|The front of the postcard, charming, no?!|
So I was in the garage today, making room for furniture that is bound to arrive by this weekend.
It is the only place that it will fit.
Furniture that is no doubt beautiful and old and too big to fit in our tiny home.
BUT I am still holding a candle for a "forever home" that will fit the chest and the dresser.
I was moving things, building a pile of items that will be picked up by the local thrift store this week before they unload more things into the tiny garage that we then get to deal with down the road.
Anyhooo... I was moving stuff and unearthed a box of old photos.
Among the treasures I exhumed was a postcard I sent myself.
Yep, I am that person....I send myself a postcard the last day of the journey telling myself how I was feeling at that moment or what I had learned.
It arrives days after me, and usually just as the "paradise is fading from my memory" and I am getting back to reality moment.

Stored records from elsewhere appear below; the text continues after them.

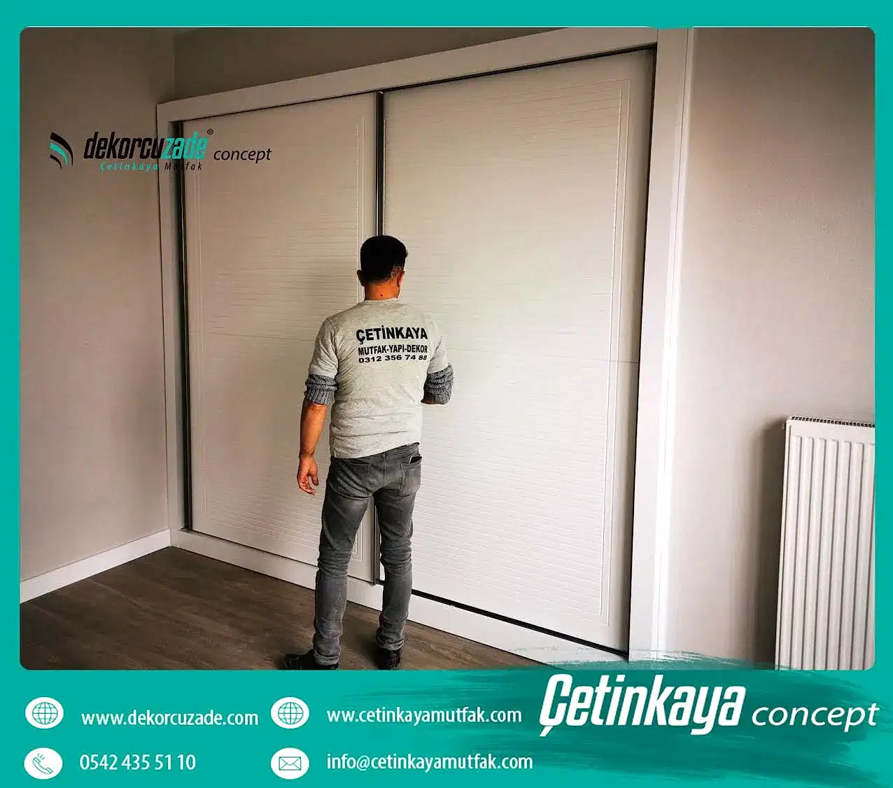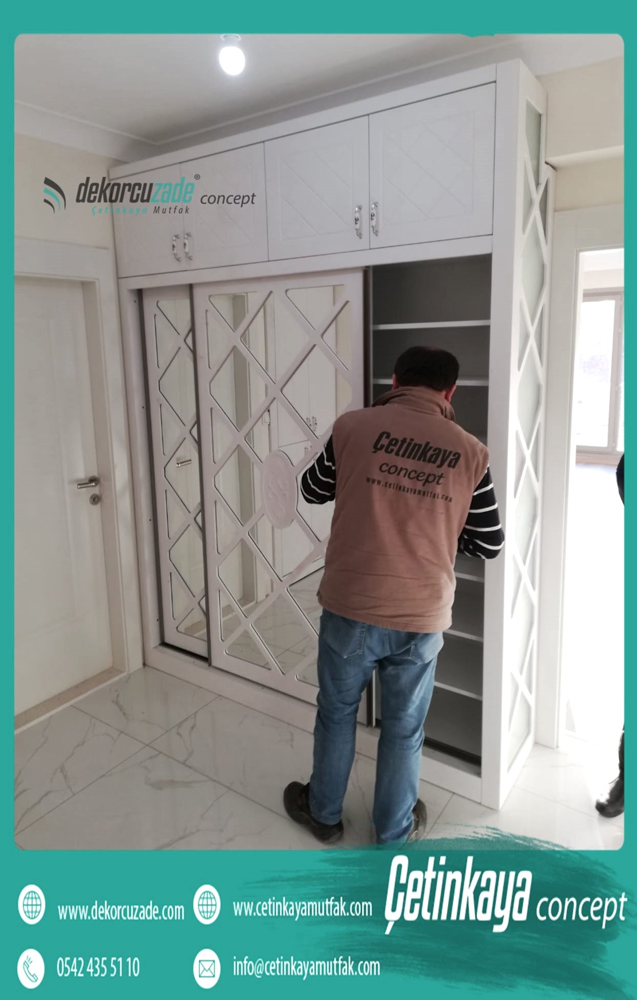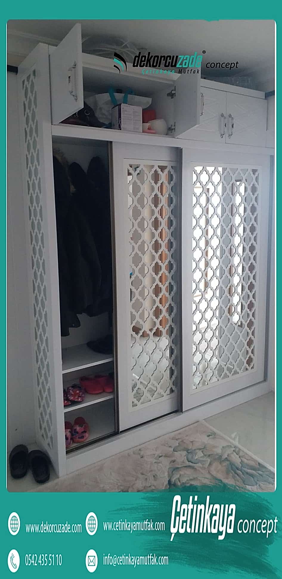 Tamamen sizin ihtiyaçlarınız esas alınarak, mimarlarımız tarafından tasarlanan raylı dolaplarımızda kendinizi bulacaksınız. Bize ihtiyaçlarınızı ve favori renklerinizi söyleyin, hayallerinizi biz gerçekleştirelim.
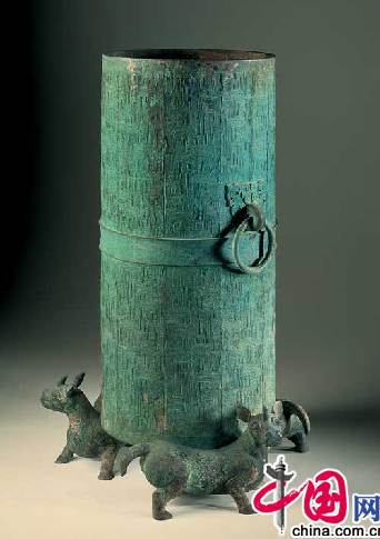 犀足蟠虺纹筒形器,战国,河北省考古研究所藏。
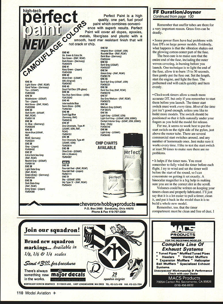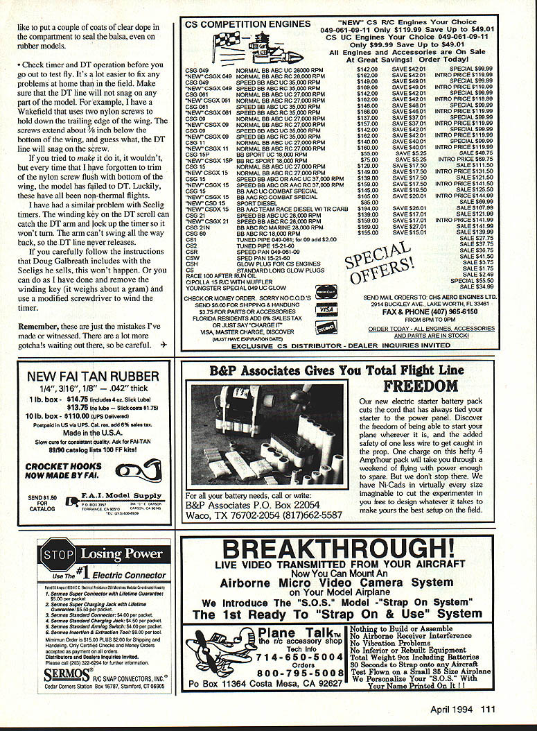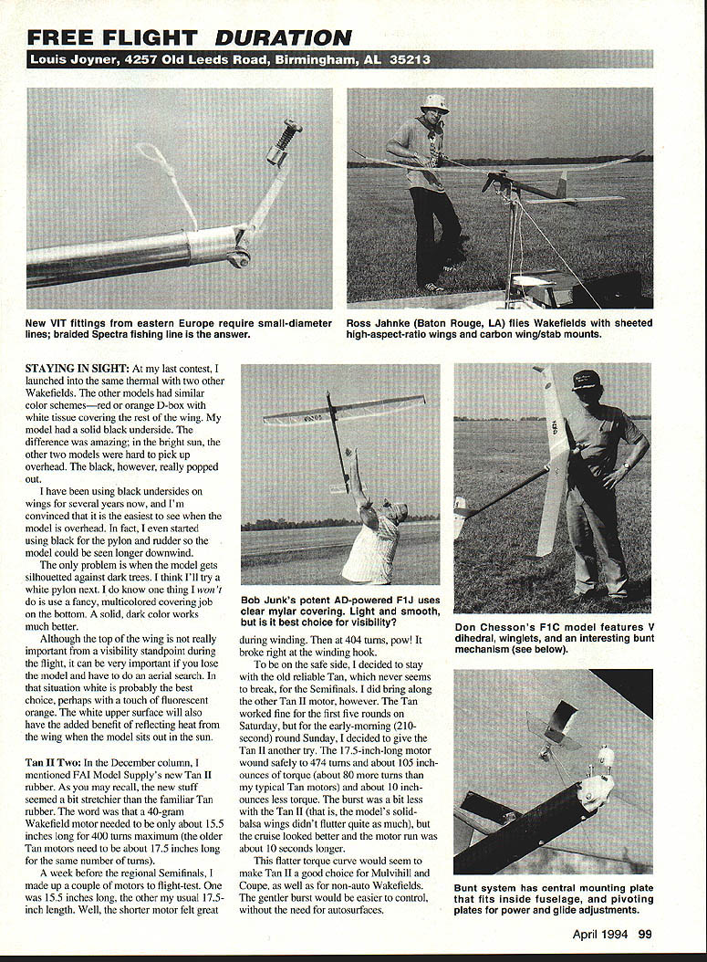 FREE FLIGHT DURATION STAVING IN SIGHT last contest launched same thermal two other Wakefields other models similar color schemesred orange D-box white tissue covering rest wing model solid black underside difference amazing bright sun other two models hard pick up overhead black however really popped out have using black undersides wings several years now Im convinced easiest see model overhead fact started using black pylon rudder model could seen longer downwind problem model gets silhouetted against dark trees think Ill try white pylon next know thing wont use fancy multicolored covering job bottom solid dark color works much better Although top wing really important visibility standpoint during flight can very important lose model have aerial search situation white probably best choice perhaps touch fluorescent orange white upper surface will also have added benefit reflecting heat wing model sits out sun Tan II Two December column mentioned FAI Model Supplys new Tan II rubber As may recall new stuff seemed bit stretchier familiar Tan rubber word 40-gram Wakefield motor needed about 155 inches long 400 turns maximum older Tan motors need about 175 inches long same number turns week before regional Semifinals made up couple motors flight-test 155 inches long other usual 175inch length Well shorter motor felt great during winding 404 turns pow broke right winding hook safe side decided stay old reliable Tan never seems break Semifinals did bring along other Tan II motor however Tan worked fine first five rounds Saturday early-morning 2 10second round Sunday decided give Tan II another try 175-inch-long motor wound safely 474 turns about 105 inchounces torque about 80 turns typical Tan motors about 10 inchounces less torque burst bit less Tan II models solidbalsa wings didnt flutter quite much cruise looked better motor run about 10 seconds longer flatter torque curve would seem make Tan II good choice Mulvihill Coupe well non-auto Wakefields gentler burst would easier control need autosurfaces April 1994 99 New VIT fittings eastern Europe require small-diameter Ross Jahnke Baton Rouge LA flies Wakefields sheeted lines braided Spectra fishing line answer high-aspect-ratio wings carbon wing/stab mounts Bob Junks potent AD-powered F1J uses clear mylar covering Light smooth best choice visibility Don Chessons FiC model features V dihedral winglets interesting bunt mechanism see below Bunt system has central mounting plate fits inside fuselage pivoting plates power glide adjustments way carefully checked winding hook blown motor 10 power magnifying glass lot rough machining marks may have contributed breakage few minutes file emery board buffing wheel took care problem Carbon Castings Ross Jahnke has come up very simple easy way cast parts carbon fiber Instead machining reusable mold Ross makes out scrap balsa sheet cut glued up form cavity part packs mixture epoxy resin carbon fiber tow No mold release used Next covers top mold plastic tape clamps piece scrap plywood push down carbon-epoxy mixture After epoxy sets up Ross simply breaks away balsa leaving finished carbon part Sanding filing clean up rough edges Since balsa molds quick cheap make usually makes multiple molds casts extra parts Lighter Lines new Russian/Ukraineinspired Wakes use some very small parts especially back end weight important Andriukov VIT fitting example measures about long Needless say holes lines running back timer small usual line Cortland Micron 20# test fly line hacking just too big Ed Turner told eastern Europeans use thin 8# 12# test monofilament line thought using monofilament just too scary An article local newspaper early last summer mentioned new braided Kevlar fishing line sounded promising Unfortunately line short supply never could find did come across braided Spectra line called Versitex bought 35# test line lightest could find about half diameter Micron braided Dacron line weight slightly 12# monofilament feel much comfortable using new braided stuff should able find Versitex line sporting goods stores write Versitex America Ltd Spring City PA 19475 Easier Bunting Most bunt mechanisms Ive seen power models look pretty complicated Don Chesson Baton Rouge showed simple system made Ray Harlan Hardy Brodersen-designed Koko FlC model Although Dons example nicely machined mechanism could easily made using hand tools drill press consists central plate 1/s-inch Delrin sheet familiar Delrin very easy-to-machine plastic plate fits carbon fiber fuselage tube Four screws hold place central cutout saves bit weight acts guide tube takes stab pull-down line through 900 bend stitched place soft wire running through series holes Delrin plate rear unit small rectangular blocks Deirin mounted either side single pivot screw blocks spring-loaded rear using two safety pin-type springs Lines running timer pull blocks forward launch stab pulled down until hits power adjustment screw top block bunt line holding left block forward released timer pivots back out way stab pulled down against bunt adjustment screw top center plate Next timer releases line stab moves up against glide adjust screw Early versions used needle valve finer adjustment later version uses Delrin block adjustment screw DT right block pivots back timer releases line Sympo 26 Twenty-Sixth Annual National Free Flight Society Symposium out Actually has out since Nats last September As usual Sympo offers rich blend technical articles down-to-earth pieces particular interest series short technical articles originally appeared NFFS Digest back early 1970s Andrew Bauer continues series computer-simulated flights time exploring bunt FlA gliders Interesting stuff never has chase flight Ten Models Year selection includes Pierre Bruns Nordic Dan Tracys Wakefield Doug Joyces FlC model yes canard international category Marvin Mace takes Large AMA Gas honors Bruce Augustus FlJ getting Small Gas award Bud Romaks Mulvihill picked Large Rubber model year John ODwyers Wint

This postcard was sent to me, by me in 1997
I had gone (escaped)* to Europe for a few weeks, to find out how damaged I was.
The Barren and I were about 5years into our relationship and he was ready to settle down and I was flipping out....so I ran away to listen to my heart and get a little space....well a lot of space.
He endorsed this, and waited for me to figure shit out...it was really only a short period of time but enough to put things in line, ya know?!
*Running away sounds to romantic, but really it was me on a $20 a day budget for food and housing and I was eating a lot of candy bars and staying in hostels that fed you breakfast so I could pocket bread or cereal for dinner.
I read this postcard again today with a smile on my face.
This is what it says:
Well- here I am and there you are- two way different places-but still one person. You can depend on yourself- and know how long and short time can be, hours, days, months. Feet are tired, ankles sore- emotionally exhausted. but-in a sense a bit afraid of getting into a groove-becoming set in my ways again. Remember movement-simple movement. walking barefoot-walking the dog-motion is what you need and know that returning can be just as good as coming- the swing is in your heart- you have the ability to come and go and don't let that be taken away.Continue to say what you feel. Be aware of what you need and tell him- don't back down as you wouldn't want him to do.and make art-your soul needs it. Send slides-invest in yourself and enjoy time. Don't wait for it to pass (as I am doing now) be loving-take another chance and give it. Know that you are a strong-confident woman-keep that damn smirk on your face. Keep them wondering.
I am so glad I sent myself this card....it is like a pocket mantra.